Левашов боязливо оглянулся.
— А что же? Как люди, так и мы… — отвечал он тихонько. — Лбом стены не прошибешь, милай…
— Да ведь большевики против Бога, а ты вот Боголюбимую встречать пешком за двадцать верст пришел…
— Против Бога? Не слыхал… — заметил спокойно лавочник. — Ну что же, всякий по-своему с ума сходит, говорится. И дураков не сеют, а они сами родятся. Я от веры не отрекался… А гляди-ка, Евгений Иваныч, это никак твой Личарда тебя зовет… — перебил он себя.
В самом деле, на тротуаре стоял похудевший и озабоченный старый Василий и украдкой делал хозяину знаки. Тот, шепнув два слова матери, перебил толпу и вышел к старику.

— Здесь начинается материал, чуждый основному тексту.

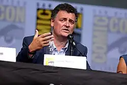 Davies wrote the 2023 Christmas special and the bulk of the series, while guest writers were invited for the third and sixth episodes. Former showrunner and head writer Steven Moffat returned to write "Boom".[67] Davies contacted Moffat in September 2021 and told him about his plans for the show. Moffat pitched several ideas to Davies, before landing on the concept that became the third episode.[68] Davies also reportedly asked Chris Chibnall, who had served as showrunner from 2018 to 2022, to return as a guest writer, but this offer was declined.[69] "Rogue" is co-written by first-time writers for the show, Kate Herron and Briony Redman.[70] Scott Handcock served as script editor.[71] The series features an episodic format, with the first six episodes serving as standalone stories, before concluding with a two-part series finale. Davies compared it to an "anthology series - every week, a new time and place", while also containing "little hints and hooks here and there which might build up to something" in the final episodes.[72] Like his first series in 2005, Davies didn't want the series to be clogged with backstory for first-time viewers, and ensured that the basic foundations would be discovered again through the eyes of the companion.[72]

— Я упредить тебя… — пугливо озираясь, проговорил тихонько Василий. — Опять сичас приходили… жандары-то эти новые… ну, из анхирейского дому… насчет тебя выспрашивали… Видится так, что опять с обыском к тебе метятся, — лутче бы тебе домой пока не ходить, Евгений Иваныч. Перебудь пока что, хошь у Евдокима Яковлича, а я в случае чего прибегу сказать…
— Ладно. Спасибо, старина… — сказал Евгений Иванович. — А ты помолись, да и иди домой, а то там Елена Петровна с детьми перепугается, если они нагрянут. Побудь около них. Я и Федосью Ивановну потороплю…

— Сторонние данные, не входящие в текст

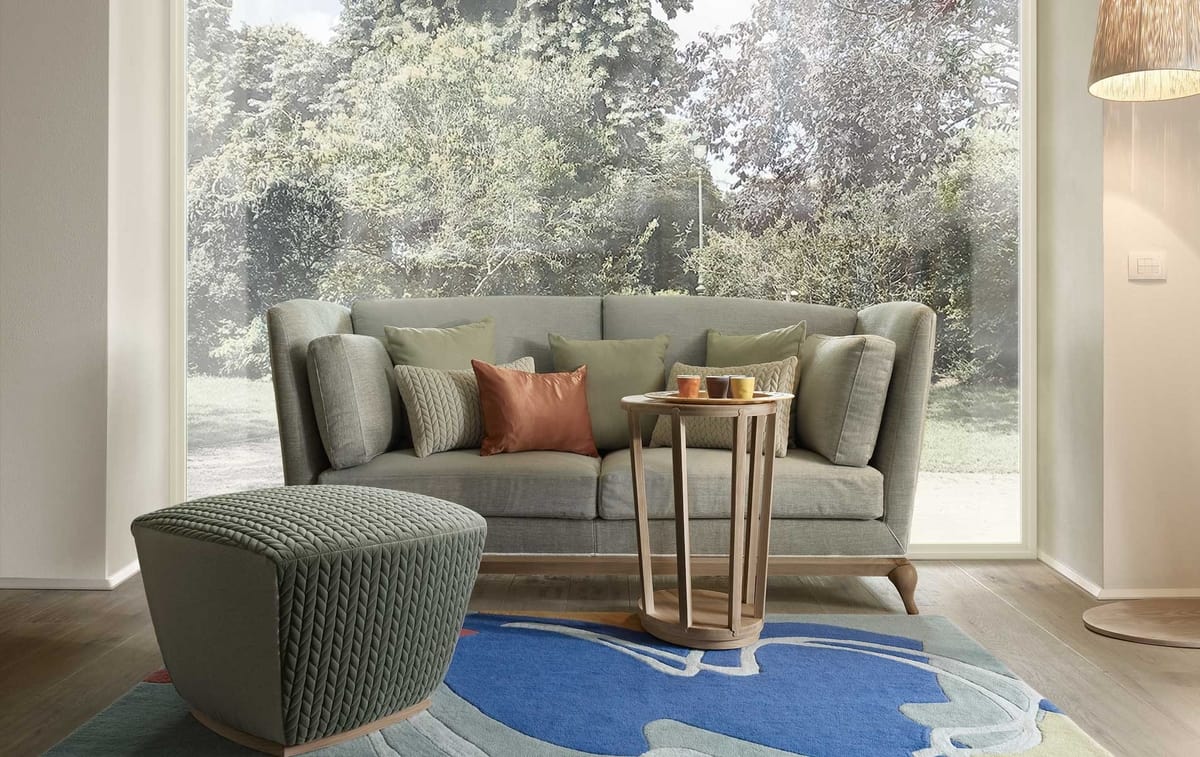 Divano a due posti con base in legno massiccio.

— Это ты уж не беспокойся… Я свое дело знаю… — сказал Василий. — Матушку я встретил, сподобился, а теперь побегу… Да я и не бросил бы дома, только вот тебя упредить надо было…
Евгений Иванович ласково кивнул старику головой и пробрался снова к матери. Ей он не сказал ничего, но пошептался с Федосьей Ивановной. Та внимательно и значительно, как всегда, выслушала его и только молча кивнула в ответ.
— Анфисе Егоровне лутче всего сказать тоже… — прошептала она. — А то они хуже забеспокоются…
Шествие, войдя в город, остановилось: Матушка дошла до старых соборов, до самого сердца старого города, где по древнему обычаю всегда бывал под открытым небом молебен всенародный. Справа над головами толпы виднелся обезображенный Пушкин, а слева уездный совет — раньше уездная земская управа, — где на стене огнем горела красная вывеска, а по ней были выписаны стихи:
Ты ходи-ка, народ, ко свободеПо советско-федеративной дороге!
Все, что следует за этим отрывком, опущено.